▶ _Task directions_:
Copy only what lies from the line containing "Akvarell tavla med" through the line containing "有了数据看板后,接下来针对作" in the entries below, keeping both end lines exact and dropping every picture.

Records excerpted from a collection:
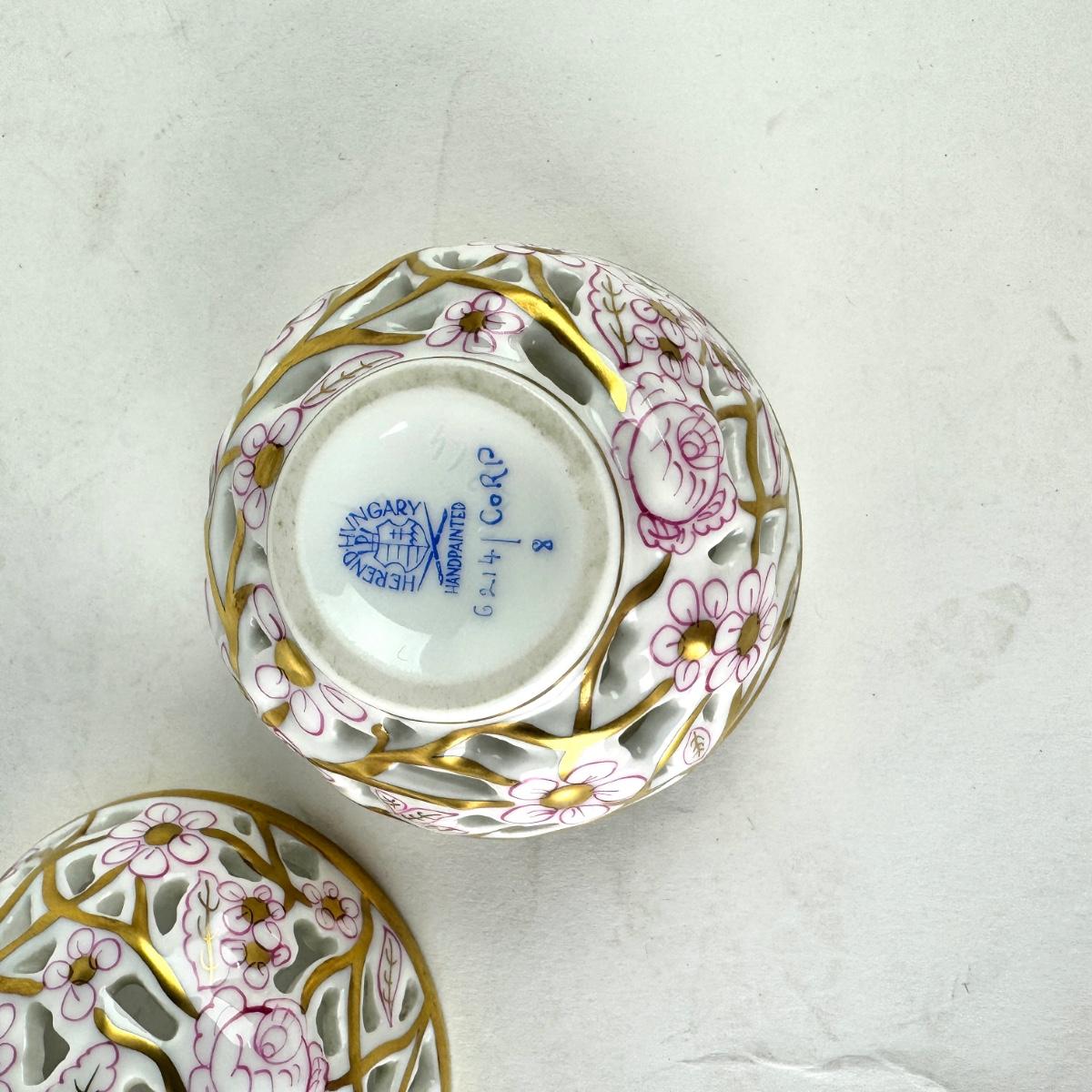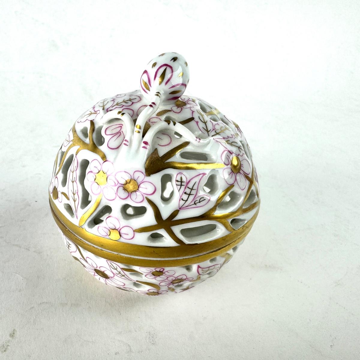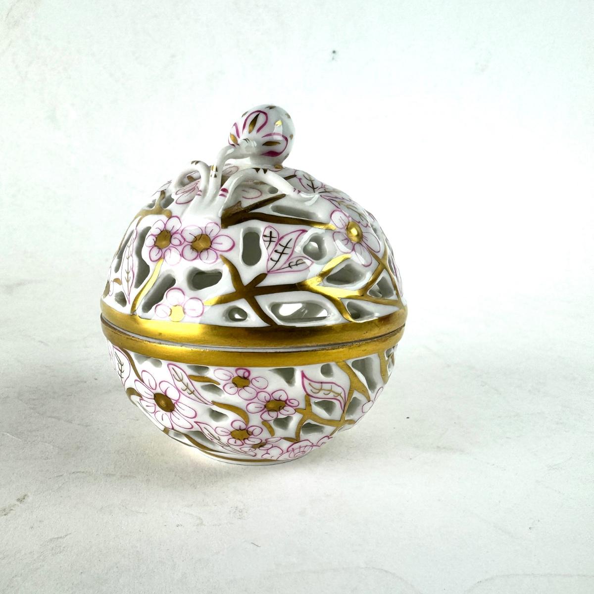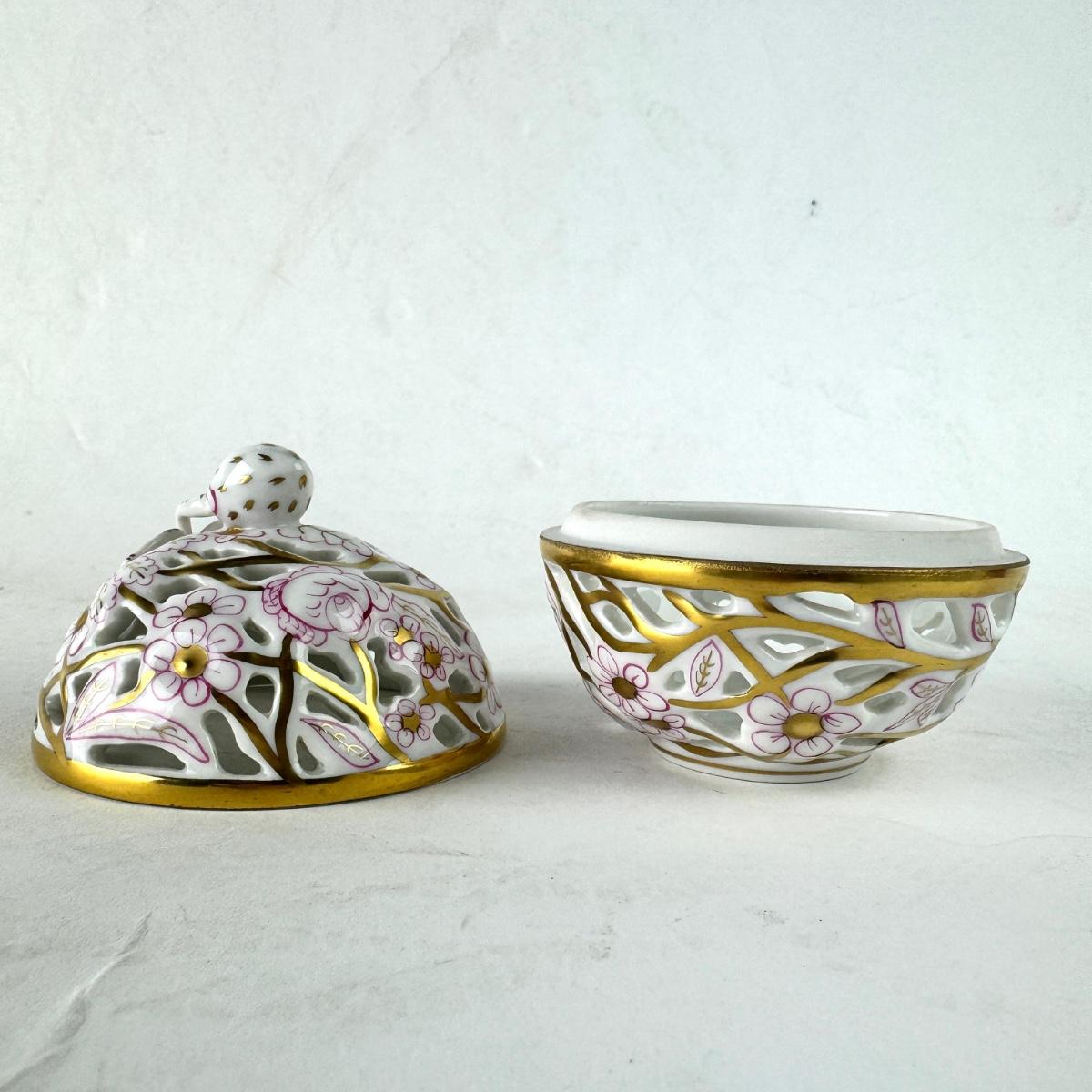 866 Vintage Herend Porcelain Reticulated Bonbonniere Strawberry Design
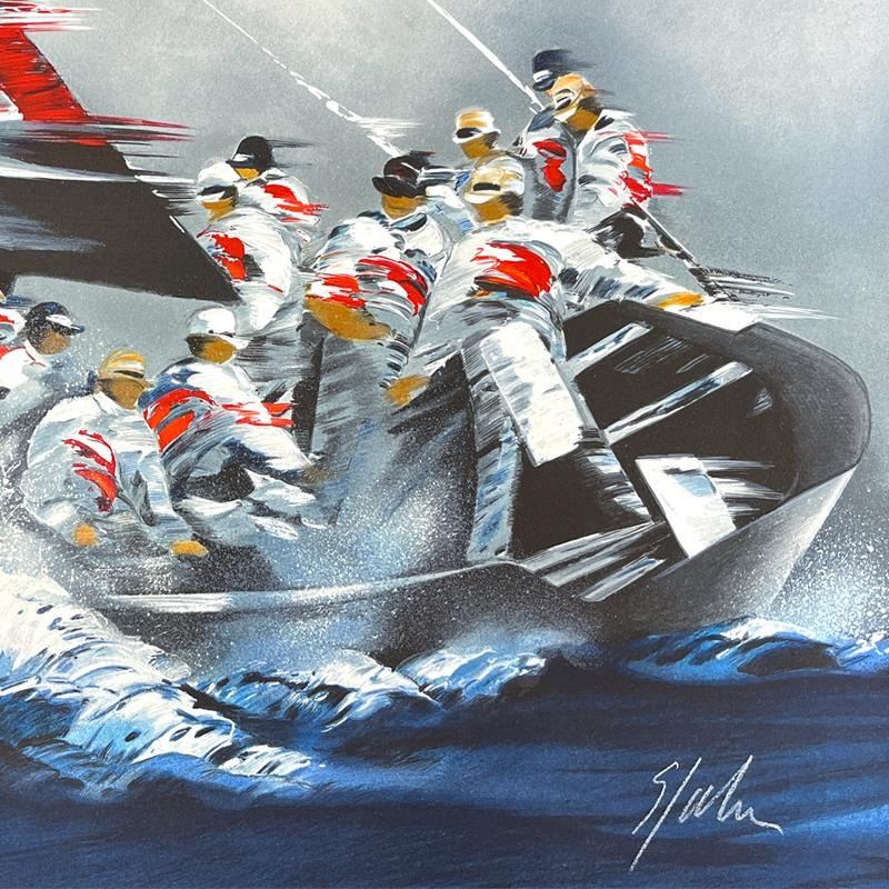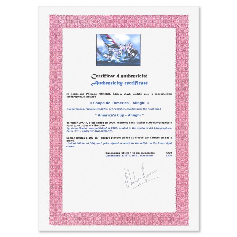 "America's Cup - Alinghi" is a limited edition lithograph on paper by Victor Spahn. Printed at Art-Lithographies workshop in Paris, the piece is hand signed by the artist and comes with a certificate of authenticity. This piece is custom framed. Measures approximately 25" x 31.5" (frame), 17" x 23.5" (image).
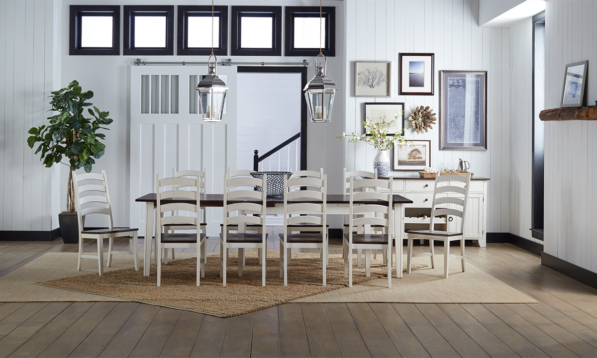 Enhance your dining room and bring style with our Ladderback Side Dining Chairs. These two-tone, lightly distressed chairs feature a stylish arch ladderback design and contoured seats for ultimate comfort.
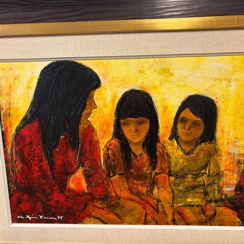 Akvarell tavla med kustmotiv som föreställer strand, hav och bebyggelse i dämpade färger. Verket är inramat med passepartout och enkel ram. Baksidan har upphängningsanordning och en fastsatt tidningsartikel. Passar som väggdekoration i hem eller kontor.
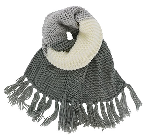 Product Description Three colors adorn this knit scarf, as well as an array of tassels along the edges! Perfect for wrapping in various ways, and with many outfits! Add this accessory scarf to your collection! 0
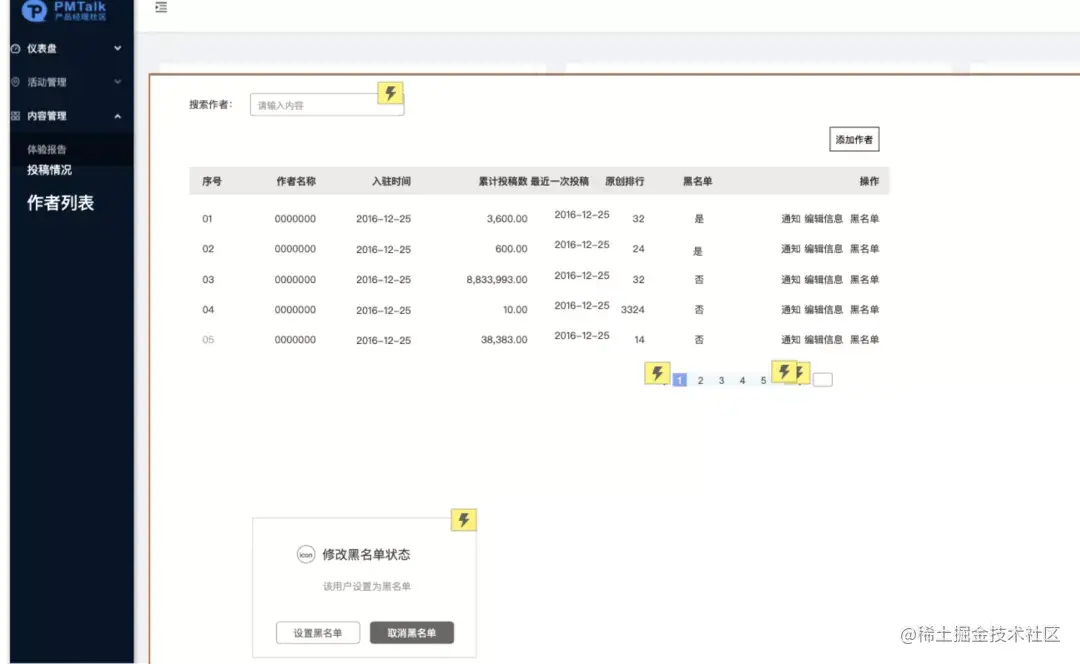 有了数据看板后,接下来针对作者明细查看设计作者列表页面,对于违规作者可以进行权限限制,避免影响其他用户和社区DAU数据。
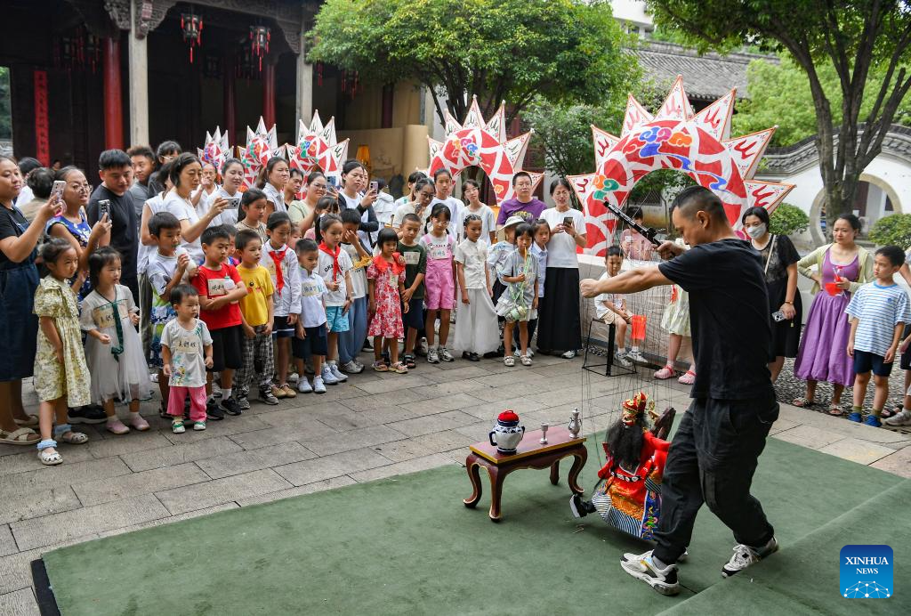 Tourists watch a string puppetry show in Jinhua City, east China's Zhejiang Province, Oct. 1, 2025. This year, with China's Mid-Autumn Festival falling alongside National Day, an eight-day holiday starting Wednesday is set to energize local economies through a surge in cultural tourism. (Photo by Shi Kuanbing/Xinhua)
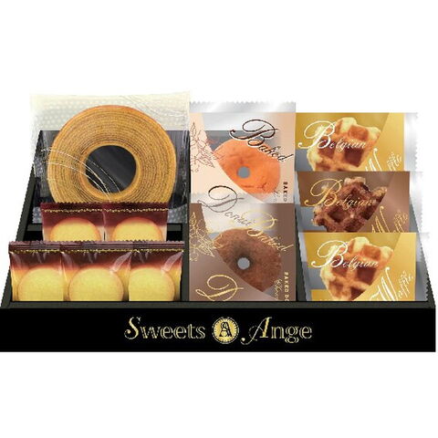 【数量・内容】ベルギーワッフル(プレーン)×2、ベルギーワッフル(ショコラ)・ミルクバウムクーヘン・ベイクドドーナツ(ストロベリー・ショコラ)×各1、プレーンクッキー×5
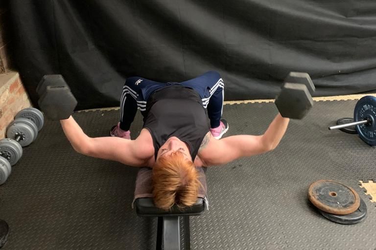 1. Lie with your head and shoulders supported by the bench and your feet flat on the floor. Hold the dumbbells directly above your chest, palms facing each other.

▶ _Task answer_:
 Akvarell tavla med kustmotiv som föreställer strand, hav och bebyggelse i dämpade färger. Verket är inramat med passepartout och enkel ram. Baksidan har upphängningsanordning och en fastsatt tidningsartikel. Passar som väggdekoration i hem eller kontor.
 Product Description Three colors adorn this knit scarf, as well as an array of tassels along the edges! Perfect for wrapping in various ways, and with many outfits! Add this accessory scarf to your collection! 0
 有了数据看板后,接下来针对作者明细查看设计作者列表页面,对于违规作者可以进行权限限制,避免影响其他用户和社区DAU数据。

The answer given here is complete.